Data excerpts
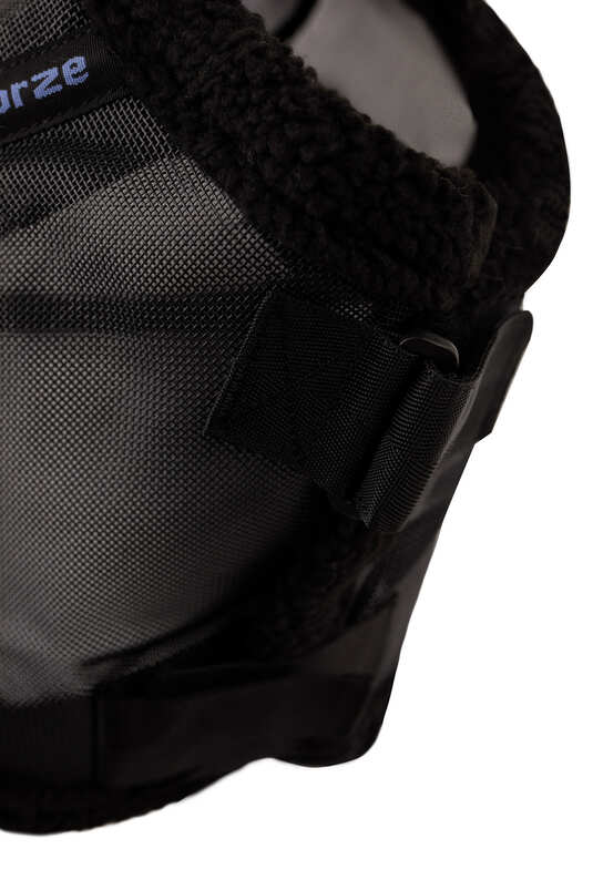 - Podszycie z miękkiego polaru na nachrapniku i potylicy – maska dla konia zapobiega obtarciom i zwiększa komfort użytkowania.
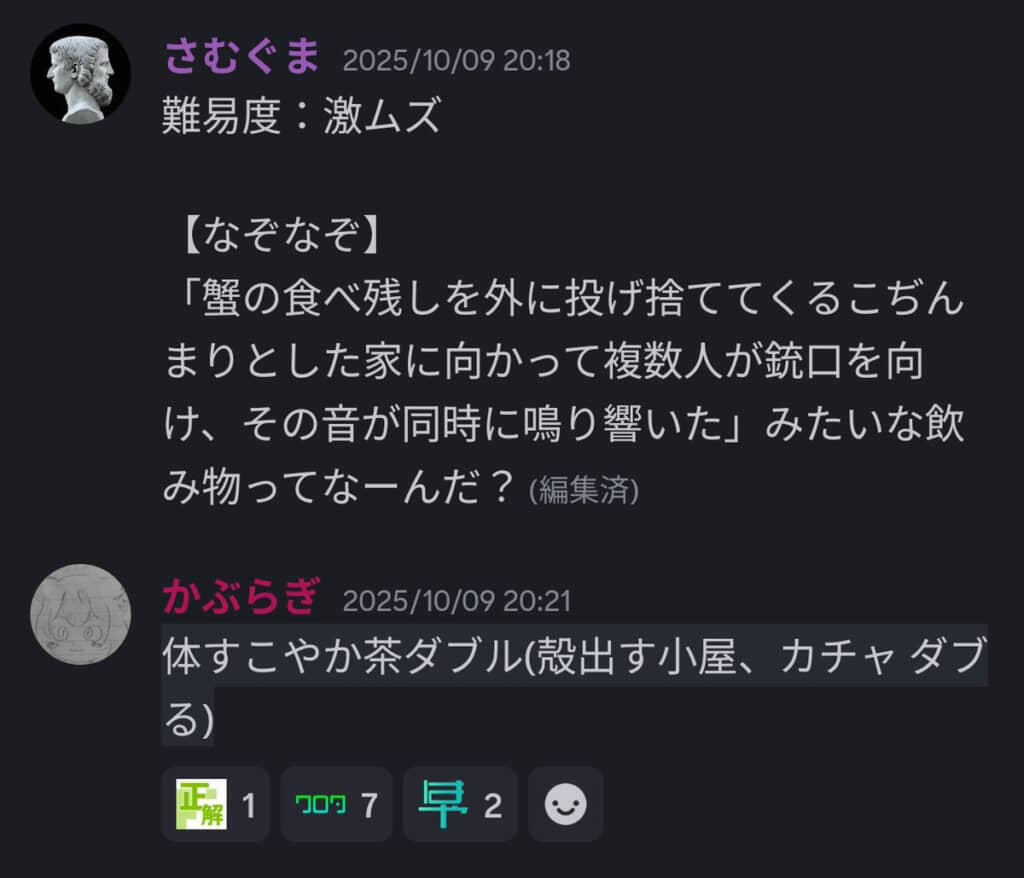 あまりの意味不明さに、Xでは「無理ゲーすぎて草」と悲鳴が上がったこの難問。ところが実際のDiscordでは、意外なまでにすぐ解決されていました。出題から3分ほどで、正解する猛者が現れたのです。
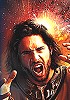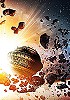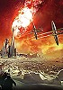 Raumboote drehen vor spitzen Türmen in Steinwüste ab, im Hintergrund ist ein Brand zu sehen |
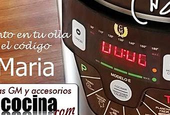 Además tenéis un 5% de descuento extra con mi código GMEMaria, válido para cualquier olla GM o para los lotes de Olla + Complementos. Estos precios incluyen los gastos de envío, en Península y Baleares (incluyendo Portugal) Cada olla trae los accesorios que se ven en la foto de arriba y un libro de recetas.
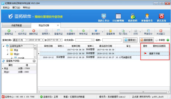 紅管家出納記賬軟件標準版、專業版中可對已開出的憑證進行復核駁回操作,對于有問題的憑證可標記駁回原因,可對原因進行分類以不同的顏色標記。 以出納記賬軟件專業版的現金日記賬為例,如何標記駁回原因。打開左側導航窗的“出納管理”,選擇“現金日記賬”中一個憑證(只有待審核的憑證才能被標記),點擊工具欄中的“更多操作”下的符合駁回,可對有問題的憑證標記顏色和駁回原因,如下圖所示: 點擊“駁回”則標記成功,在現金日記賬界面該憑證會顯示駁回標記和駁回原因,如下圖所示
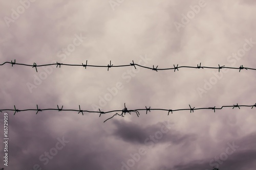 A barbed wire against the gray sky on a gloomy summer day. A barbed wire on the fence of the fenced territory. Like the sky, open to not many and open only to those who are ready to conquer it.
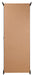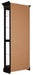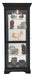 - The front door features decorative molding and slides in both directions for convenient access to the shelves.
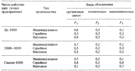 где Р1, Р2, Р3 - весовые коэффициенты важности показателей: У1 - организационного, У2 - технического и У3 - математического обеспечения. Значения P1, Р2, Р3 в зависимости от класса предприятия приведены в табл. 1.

- YOUR INSTRUCTIONS -
Exactly the lines from the one containing "Además tenéis un" to the end of the records above, both end lines included, are to be printed, and no pictures with them.

- RESPONSE FOR THIS EXERCISE -
 Además tenéis un 5% de descuento extra con mi código GMEMaria, válido para cualquier olla GM o para los lotes de Olla + Complementos. Estos precios incluyen los gastos de envío, en Península y Baleares (incluyendo Portugal) Cada olla trae los accesorios que se ven en la foto de arriba y un libro de recetas.
 紅管家出納記賬軟件標準版、專業版中可對已開出的憑證進行復核駁回操作,對于有問題的憑證可標記駁回原因,可對原因進行分類以不同的顏色標記。 以出納記賬軟件專業版的現金日記賬為例,如何標記駁回原因。打開左側導航窗的“出納管理”,選擇“現金日記賬”中一個憑證(只有待審核的憑證才能被標記),點擊工具欄中的“更多操作”下的符合駁回,可對有問題的憑證標記顏色和駁回原因,如下圖所示: 點擊“駁回”則標記成功,在現金日記賬界面該憑證會顯示駁回標記和駁回原因,如下圖所示
 A barbed wire against the gray sky on a gloomy summer day. A barbed wire on the fence of the fenced territory. Like the sky, open to not many and open only to those who are ready to conquer it.
 - The front door features decorative molding and slides in both directions for convenient access to the shelves.
 где Р1, Р2, Р3 - весовые коэффициенты важности показателей: У1 - организационного, У2 - технического и У3 - математического обеспечения. Значения P1, Р2, Р3 в зависимости от класса предприятия приведены в табл. 1.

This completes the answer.